Alexander I could not make up his mind whether he was a liberal reformer and benevolent despot or a martial conqueror called by destiny to dominate Europe. However, he was clear on several points: he wanted to round out his western boundaries by absorbing Wallachia and Moldavia, which belonged to Turkey; consequently he aspired, like the absorbing Catherine, to overcome Turkey, bestride the Bosporus and the Dardanelles, and, in due time, control the Mediterranean; already he held the Ionian Isles. But Napoleon had once captured those islands, and now longed for them; he still hungered for Egypt, and thirsted for the Mediterranean; he had talked of swallowing Turkey and half of the Orient. Here was a rival gourmand; one or the other must yield. For these and other reasons Alexander had no wish to see England make peace with France. In January, 1805, he signed an alliance with Sweden, which was already allied with England. On July 11 he completed with England a treaty which stipulated that Britain would pay Russia an annual subsidy of £ 1,250,000 for every 100,000 men contributed to the campaigns against France.12

Frederick William III of Prussia parleyed with Napoleon for a year in the hope of adding to his realm the province of Hanover, which the French had taken in 1803. Napoleon offered it on condition of an alliance which would pledge Prussia to support France in maintaining the new status; Frederick did not relish the thought of angry British warships along his coast. On May 24, 1804, he signed an alliance with Russia for united action against any French advance east of the Weser.
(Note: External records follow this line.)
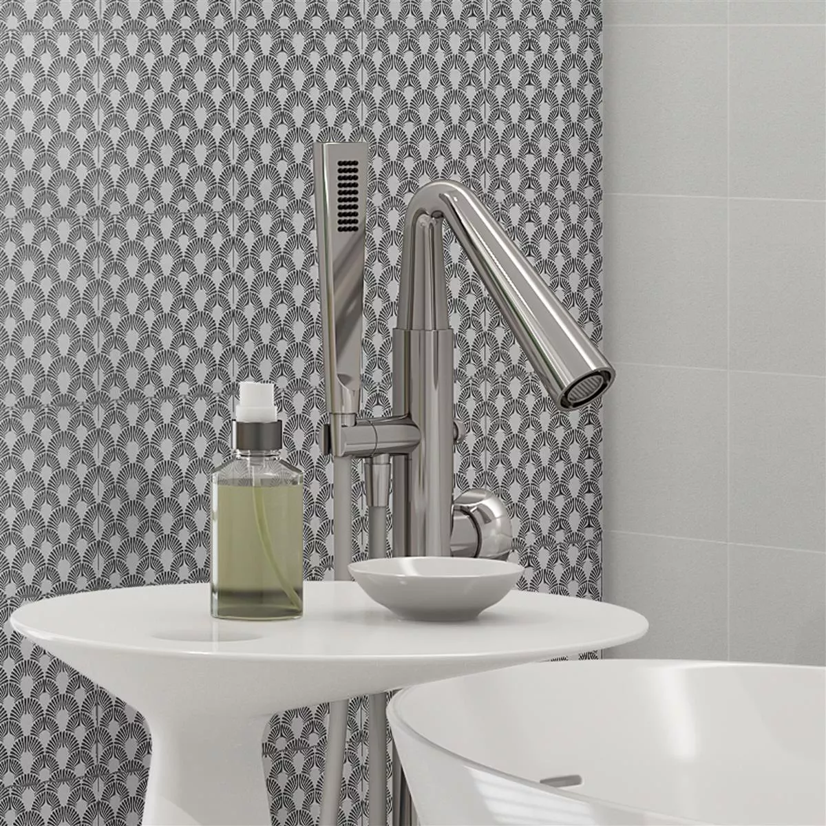 Scopri l'eleganza senza tempo dei nostri pavimenti e rivestimenti con ornamenti floreali neri realizzati in gres porcellanato smaltato e dona ai tuoi ambienti un tocco di raffinatezza. Queste piastrelle combinano un design elegante con proprietà funzionali e creano un'atmosfera elegante in soggiorni, cucine, bagni e docce.
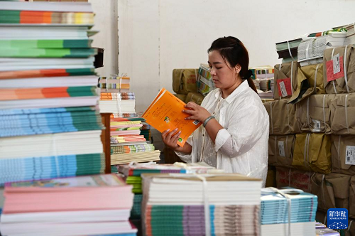8月25日,工作人員在河北新樂(lè)市新華書(shū)店倉(cāng)庫(kù)整理清點(diǎn)中小學(xué)教材,準(zhǔn)備送往各學(xué)校。(新華社發(fā) 賈敏杰 攝)
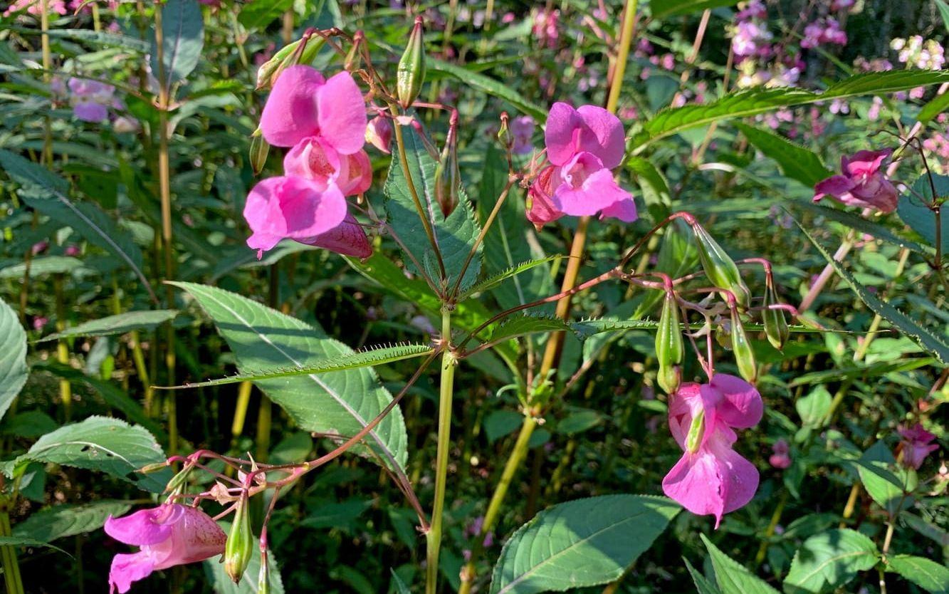 Jättebalsamin: Kan bli över två meter hög. Har gröna taggiga blad, rosaaktiga blommor och relativt grunda rötter. Blommorna har mycket nektar och befaras därför kunna stjäla pollinatörer, som bin och humlor, från andra växter. Men bestånden kan också bli stora och täta och täcka annan vegetation på platsen.
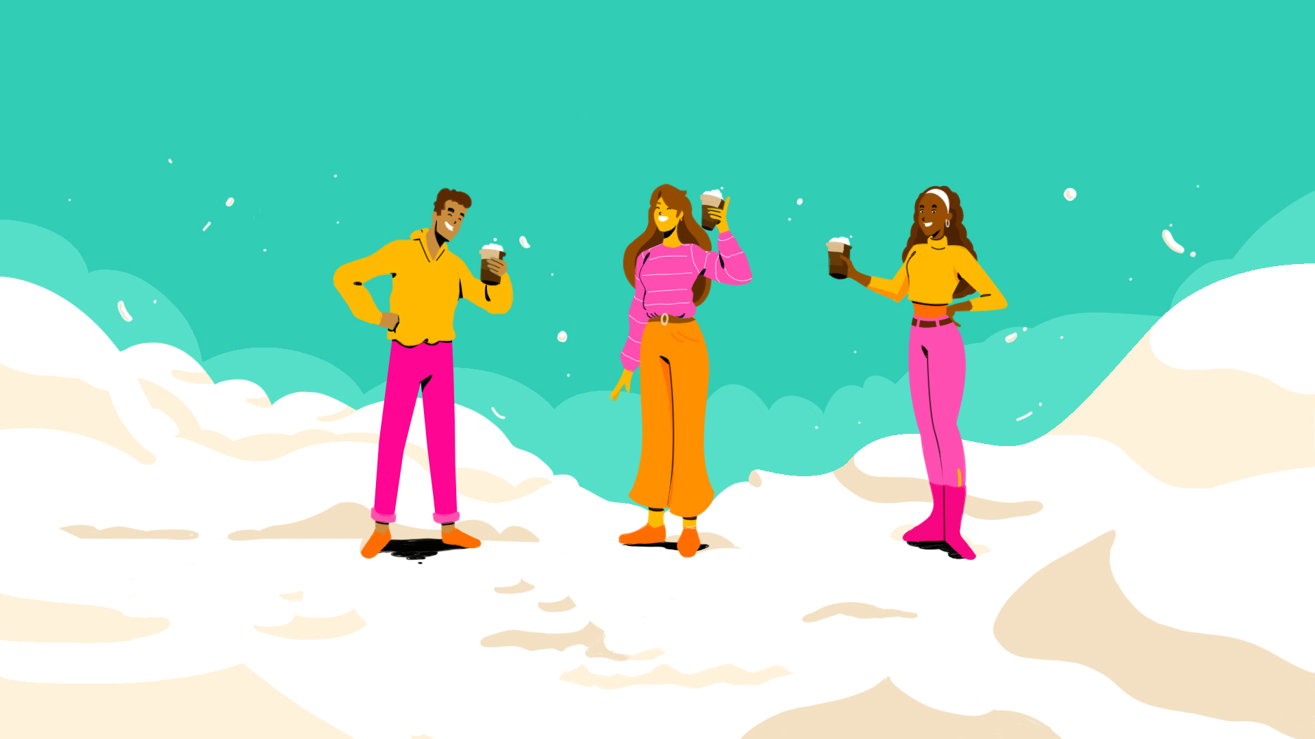 Ronda continues this approach to the Dunkin’ characters and style in the second spot for Cold-Foam, seamlessly transitioning into softer, rounded angles and fresh cool-tones.

Austria too hesitated. If she joined the new coalition she would bear the first brunt of French attack. But Austria, even more closely than England, had felt the successive pushes of Napoleon’s expanding power: the presidency of the Italian Republic, January, 1802; the French annexation of Piedmont, September, 1802; the Swiss submission to a French protectorate, February, 1803; the assumption of the imperial title, May, 1804. And the pushes continued: on May 26, 1805, Napoleon received at Milan the Iron Crown of Lombardy; and on June 6 he accepted the request of the Doge of Genoa that the Ligurian Republic be incorporated into France. When, asked the Austrians, would this new Charlemagne stop? Could he not—unless most of Europe should unite to stop him—easily absorb first the Papal States and then the kingdom of Naples? What then would keep him from appropriating Venice and all of that luscious Venezia which was contributing so indispensably to Austrian revenues? Such was the mood of Austria when Britain offered her fresh subsidies, and Russia promised her 100,000 hardy troops in case France should attack. On June 17, 1805, Austria allied herself with England, Russia, Sweden, and Prussia, and the Third Coalition was complete.